# Skipper's Adventures - Week 11 Living in Luxury



## FaeryBee (May 9, 2011)

*Skipper's Adventures - Week 11

​*


----------



## BudgieSweet (Aug 25, 2013)

Haha what a cool dude


----------



## aluz (Jul 24, 2011)

Nice car, Skipper is really living the good life!


----------



## Jonah (Feb 3, 2013)

Something was drawing me to log on to talk budgies...now I know what it was...

Skipper of course has a ride that a stud like him would be expected to be found in. Off in the distance across the water, young hen's search frantically for the binocular's to get a better look at the famous adventurer...


----------



## eduardo (Jul 24, 2011)

*Oh my, I need to become Skipper's friend asap LOL!*


----------



## Cody (Sep 5, 2013)

That car was made for him, he looks so good in it.


----------



## FaeryBee (May 9, 2011)

*Skipper seems to be on his way to the private dock to board his yacht for an afternoon out on the water.
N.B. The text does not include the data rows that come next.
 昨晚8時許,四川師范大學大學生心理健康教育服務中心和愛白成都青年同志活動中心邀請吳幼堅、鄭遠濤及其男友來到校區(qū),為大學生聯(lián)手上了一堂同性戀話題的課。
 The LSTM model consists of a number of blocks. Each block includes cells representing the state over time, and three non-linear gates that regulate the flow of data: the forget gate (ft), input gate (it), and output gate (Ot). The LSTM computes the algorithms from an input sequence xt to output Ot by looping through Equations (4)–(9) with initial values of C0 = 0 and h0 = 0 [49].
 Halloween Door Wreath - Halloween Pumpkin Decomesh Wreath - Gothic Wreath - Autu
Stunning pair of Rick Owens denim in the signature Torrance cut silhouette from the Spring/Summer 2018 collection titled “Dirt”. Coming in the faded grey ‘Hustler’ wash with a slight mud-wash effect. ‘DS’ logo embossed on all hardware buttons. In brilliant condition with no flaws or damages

What a life this guy leads! *


----------



## Jedikeet (Feb 3, 2014)

Skipper is Da Man and my hero who I live vicariously through!
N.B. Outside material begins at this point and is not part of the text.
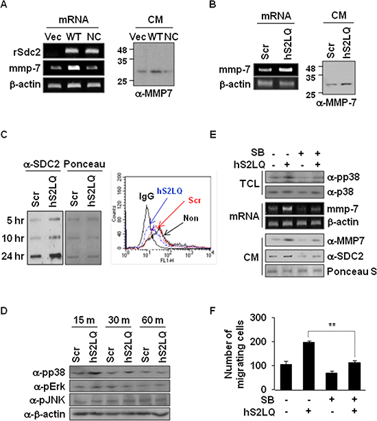 Figure 6: Shed syndecan-2 enhances MMP-7 expression via p38 MAP kinase activation in colon cancer cells. (A) HT29 cells were transfected with indicated cDNAs. Expression of SDC2 and MMP-7 was analyzed by RT-PCR (left). Conditioned media (CM) were collected, and proteins were concentrated by TCA precipitation and analyzed by immunoblotting using anti-MMP-7 antibody (right). (B) HT29 cells were treated with either scrambled (Scr) or human (hS2LQ) peptide in SFM for 24 hr, and MMP7 expressions were analyzed by RT-PCR (left). Conditioned media were collected, and proteins were concentrated by TCA precipitation and analyzed by immunoblotting using anti-MMP-7 antibody (right). (C) HT29 cells stably overexpressing syndecan-2 were treated with the indicated peptides and conditioned media were subjected to slot blotting with the anti-syndecan-2 antibody (left). Cells were either untreated (non) or treated with the indicated peptides and cell surface expression of syndecan-2 was analyzed by Flow cytometry (right). (D) HT29 cells treated with the indicated peptides were lysed, and MAPK activation was assessed using an antibody specific for phospho-p38 (pp38). (E) HT29 cells preincubated with SB239063 (1 hr) were treated with the syndecan-2 synthetic peptide. After 15 min, total cell lysates (TCL) were subjected to immunoblotting with the indicated antibodies to determine the phosphorylation of p38 (top). At 6 hr, MMP-7 mRNA expression was analyzed by RT-PCR (middle), and conditioned media were subjected to either immunoblotting with anti-MMP-7 antibody or slot blotting with anti-syndecan-2 antibody (bottom). (F) HT29 cells preincubated with SB239063 (1 hr) were allowed to migrate on Transwell apparatus in the absence or presence of the syndecans-2 peptide. n = 4; **p < 0.01.
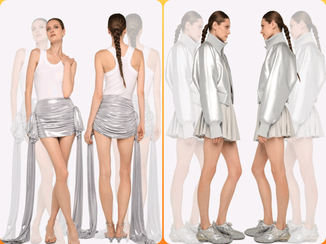 光泽的银色颜色在金属色调的冰冷中,多了一些优雅奢华的气质感,结合了横向褶皱、纵向褶皱等设计的线条细节感。

_'On the next Lifestyles of the Rich and Famous Birdies, we are honored to tag along the lavish and extraordinary lifestyle of superstar budgie Skipper and his wonderful and expensive toys!'_


----------



## Jo Ann (Sep 3, 2011)

*Skipper's*

Will he or won't he invite a certain young miss to join him on a sea adventure?
Stay tuned!!! Gota love that car and dat Budgie. Jo Ann


----------



## despoinaki (Aug 4, 2012)

Yes.He is a Hollywood star ready to be introduced to the ladies and celebrate his new movie: "007: Casino Royale"!


----------



## FaeryBee (May 9, 2011)

*I do believe Skipper is so used to being out on his adventures he may become an adrenaline junkie. 

So far he's managed to keep his loving demeanor as well and loves "kisses" so little Sprite shouldn't give up hope... *


----------



## budgiebabie (May 8, 2014)

Love it! So creative


----------



## FaeryBee (May 9, 2011)

*Thanks to everyone who took the time to check in on Skipper and comment on his latest adventure! :wave:*


----------



## Trimath (Jan 10, 2013)

Ahh!Skipper,
You can go from high flying adventures to the suave man-about-town with such ease... no wonder the ladies are all vying to be THE one sitting beside you in your Studmobile.Rock on, you versatile boy!


----------



## NanaLucy129 (Dec 5, 2011)

*Coco says she would like to ride on his yacht, but none of that kissy stuff! In fact, she could be quite helpful if anyone falls overboard. She would love to run around the yacht throwing life preservers into the water. She has a bit of compulsive behavior in throwing things from a high place.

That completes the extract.